Anamnèse. Né en 1958, le jeune Suisse vit une enfance choyée, pimentée aux grandes avancées scientifiques. A 11 ans, il assiste, fasciné, au décollage d’Apollo 11. C’est décidé, il sera astronaute ! Ou ingénieur. Mais assez vite un plus un ne font plus deux. Les lourdeurs dynastiques mises entre parenthèses, il rejoint les interrogations de sa mère, pianiste virtuose, et opte pour une exploration à enjeux, celle de l’esprit. Médecine, spécialisation en psychiatrie, formation d’hypnothérapeute. Car si l’époque est au freudisme à tous crins, Bertrand Piccard s’intéresse déjà aux mécanismes de défense et aux failles à créer.

Ponctuer autrement. Remplacer les points d’exclamation par des points d’interrogation.

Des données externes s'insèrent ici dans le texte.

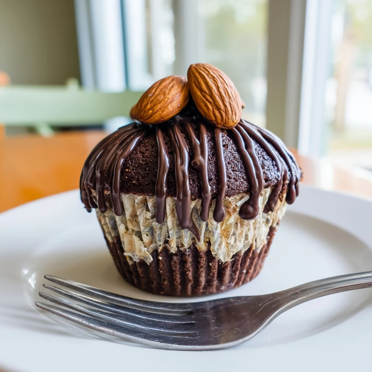 These flourless chocolate cupcakes deliver all the flavors of the classic Almond Joy candy bar in a rich, decadent dessert. The dense, fudge-like chocolate base is naturally gluten-free, while the sweet coconut filling adds chewy texture and tropical sweetness. Each cupcake is crowned with two roasted almonds and a drizzle of melted chocolate for that signature crunch.

Renverser les dogmes pour aller plus haut, plus loin. Lâcher du lest. Quand il expose ses théories, passe dans ses yeux polaires une brume de souvenir. A la maison, la raison balayait trop souvent les hésitations. L’adolescent s’est heurté au père et aux certitudes. Puis, le jeune homme s’est shooté à la performance. Looping, vrille et piqué, sous son aile delta, il a expérimenté la plénitude de la maîtrise corporelle, intégré la puissance de l’instant présent. Pourtant, le sportif accompli a fini aérostier. Pour l’attrait de l’incertitude et la philosophie orientale du lâcher prise. «Il m’a fallu attendre de devenir pilote de ballon pour réaliser à quel point l’efficacité du contrôle a ses limites.» Pour la possibilité du choix également. Dans le ciel, les trajectoires se dessinent en changeant d’altitude. Formulé autrement, cela donne : les combats à museau cogné ne mènent à rien. Pour infléchir une situation, mieux vaut aller dans le sens de l’adversaire. Le dépressif se flagelle et brame sa nullité ? Il a sans doute raison ! Surpris par ce point de vue fataliste, le déprécié aura tendance à prouver le contraire et à remonter la pente.

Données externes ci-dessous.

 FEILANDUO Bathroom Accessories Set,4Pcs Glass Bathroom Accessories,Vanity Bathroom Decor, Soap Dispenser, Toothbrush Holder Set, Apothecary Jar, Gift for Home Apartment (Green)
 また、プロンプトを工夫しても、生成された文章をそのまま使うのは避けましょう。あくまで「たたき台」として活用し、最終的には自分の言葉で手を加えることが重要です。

Les femmes, ses héros. Très tôt, les médias se sont emparés de la saga helvétique, braquant les projecteurs sur le clan Piccard. Avec Breitling Orbiter 3, le ballon du tour du monde, puis Solar Impulse, l’avion qui vole sans une goutte de carburant, Bertrand a réactivé la machinerie, réinjecté une dose de testostérone victorieuse. Pourtant, ce timide repenti au sourire charismatique met volontiers l’accent sur le féminin pluriel et les combats en marche. Les discussions avec sa mère lui ont prouvé l’importance des chemins de traverse. Les échanges avec Michèle, sa femme, dont la créativité booste l’entreprise, le nourrissent au quotidien et la liberté d’esprit de ses filles, Estelle, Oriane et Solange, le ravit absolument. Avec malice, il évoque sa grand-tante qui, accompagnée de son mari et frère jumeau d’Auguste, fut la première femme dans la stratosphère. Elle était aussi la seule à détenir le brevet de pilote.

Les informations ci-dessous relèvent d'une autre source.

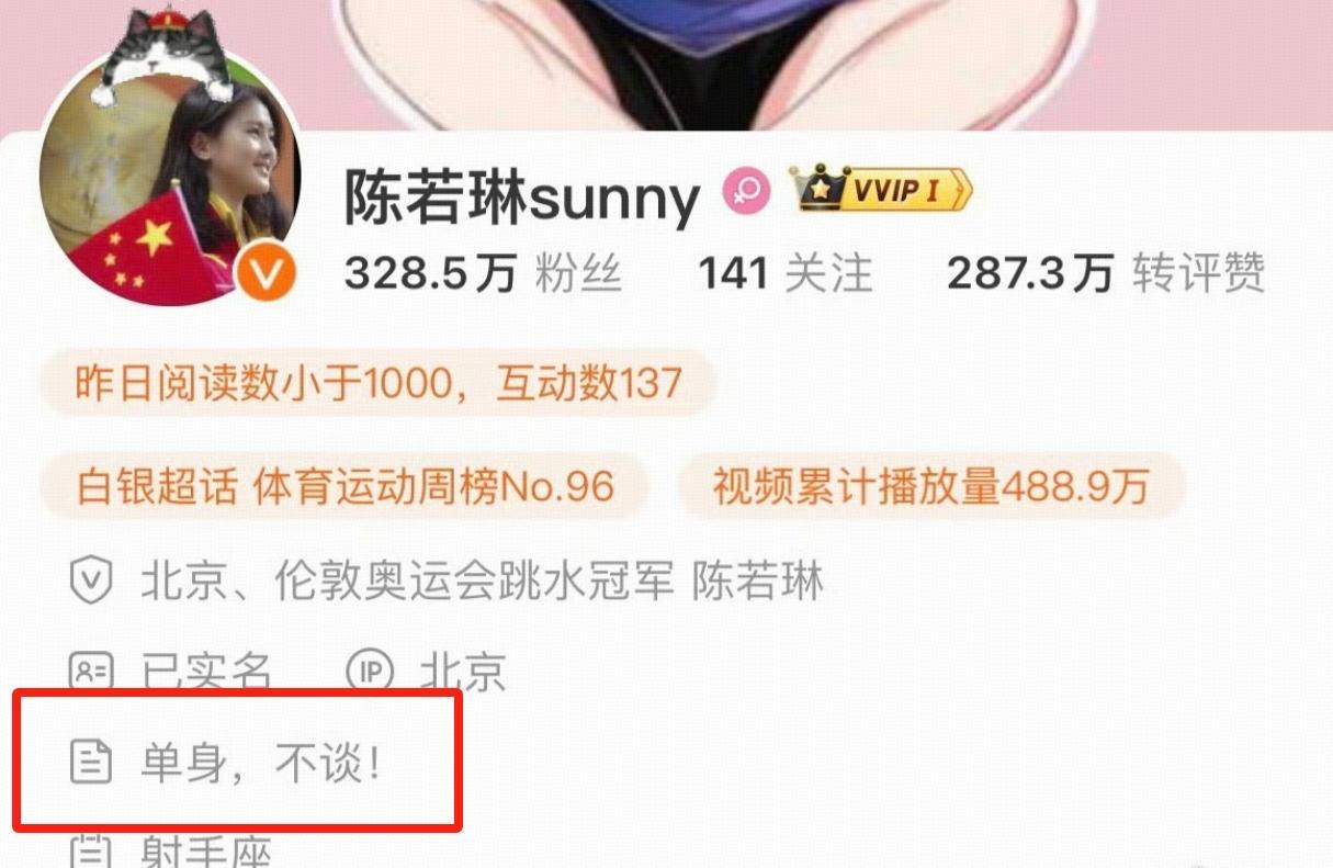 前段時間,網傳跳水隊奧運冠軍,全紅嬋的主管教練陳若琳和男演員牛駿峯在戀愛的消息,但很快,陳若琳的好友發文幫其闢謠,而就在不久前,陳若琳本人也終於做出了回應,她修改了社交賬號的狀態,強調“單身,不談!”

Hérétique éclectique ? On s’attendait presque à rencontrer le clone du dalaï-lama, un sage drapé de spiritualité éthérée. Bernique ! Si les pupilles aquarellées du psychiatre diffusent de l’empathie à haute dose, il a l’élégance sobre du cadre dynamique, porte la veste piquée au revers, boit du café quand on aurait parié sur le maté et, surprise, se pose en hérétique.«Les moments de religion m’ennuient, je ne vois pas Dieu affublé de caractères humains.» Elevé dans la tradition protestante, la curiosité intellectuelle l’a amené à forer loin et haut. Mais les certitudes des obédiences classiques ne l’ont pas convaincu. Aujourd’hui, son esprit flâne entre taoïsme, bouddhisme et enseignements psychanalytiques. Il cite Milton H. Erickson, le père de l’hypnose moderne ; Bruno Bettelheim, le psychiatre américain qui conseillait de se glisser dans les chaussures de l’autre ; Georges I. Gurdjieff, le philosophe caucasien de «l’homme se nourrit d’impressions». En médecine comme en politique, il affirme que les clivages conduisent toujours au désastre. Qu’allopathie, homéopathie et hypnose vivraient bien mieux en coloc. En France, il serait un électeur triste et frustré. En Suisse, où l’on peut panacher, il se sent libre de faire son marché à gauche comme à droite.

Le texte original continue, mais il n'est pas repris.